Member of the Amyotha Hluttaw
- In office 3 February 2016 – 1 February 2021
- Constituency: Sagaing Region № 10

Member-elect of Pyithu Hluttaw (1990)
- Preceded by: Constituency established
- Succeeded by: Constituency abolished
- Constituency: Mawlaik Township
- Majority: 11,249 (64%)

Personal details
- Born: 21 February 1955 (age 71) Kindat, Myanmar
- Party: National League for Democracy
- Spouse: Tin Mie Mie Khaing
- Children: Dimo Win
- Parent(s): Nyo Oo (father) Than Kyi (mother)
- Education: ten grade

= Tin Maung Win =

Burmese politician

Tin Maung Win (တင်မောင်ဝင်း; born 21 February 1955) is a Burmese politician who served as an Amyotha Hluttaw MP for Sagaing Region No. 10 constituency. He is a member of the National League for Democracy.

==Early life and career==
Tin Maung Win was born on 12 February 1955 in Kindat Township, Myanmar. He studied at Kindat Middle School and Mawlaik High School. He worked as a Clerk at the Mawlaik Township Trade Co-operative from 1975 to 1980 and ran a private electronic repair shop from 1983 to 2013.

He had served as a Committee member of 8888 uprising at Mawlaik Township in 1988. In 1989, he served as a chairman of township NLD party organizer. He contested the Mawlaik Township constituency and won a Pyithu Hluttaw seat in the 1990 Burmese general election, winning a majority of 11,249 (64% of the votes), but was never allowed to assume his seat.
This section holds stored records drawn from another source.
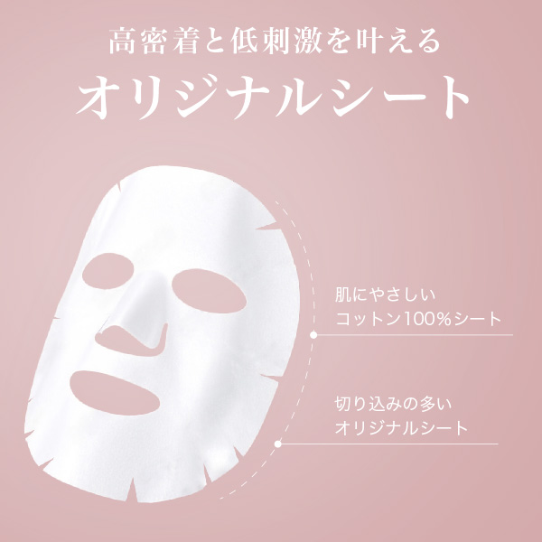 とろみのある美容液を厚みのあるシートに たっぷり35mL含ませました。肌に密着してすみずみまで 潤いを届け、ツヤと透明感※をもたらしキメを整えます。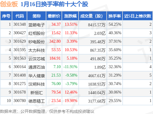 当日创业板换手率前10大个股中7只个股收涨,平均涨幅10.91%,其中蓝箭电子(301348)以换手率54.25%排第一,6只个股近5个交易日中多次上榜。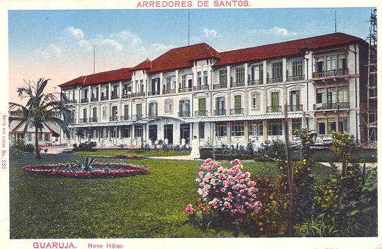 Durante muito tempo – principalmente no início do século – o hotel, o cassino e os chalés, constituíam uma atração maior do que as próprias condições balneárias da cidade. O jogo rivalizava com o banho de mar, que, para a maior parte daqueles sizudos senhores, constituia apenas uma recomendação médica. Os mais jovens, porém, sabiam apreciar o mar e eram assíduos frequentadores das cabines de troca de roupa instaladas nas imediações do hotel e na faixa de areia da praia. Entrar na água era uma operação feita com muitos cuidados. Além da areia, do sol e do mar, compunham a paisagem cordas presas a madeiras, às quais as pessoas se agarravam prevenindo-se contra os possíveis maus humores das ondas.– Do livro “Pérola ao Sol, apontamentos para uma história do Guarujá” de Mônica de Barros Damasceno e Paulo Mota.

And then, he had served as the chairman of District Assembly Election Commission in 2012. He also served as the Chairman of District Executive and as a representative of Central Conference in 2013.

==Political career==
He is a member of the National League for Democracy. In the 2015 Myanmar general election, he was elected as an Amyotha Hluttaw member of parliament and elected representative from Sagaing Region No. 10 parliamentary constituency.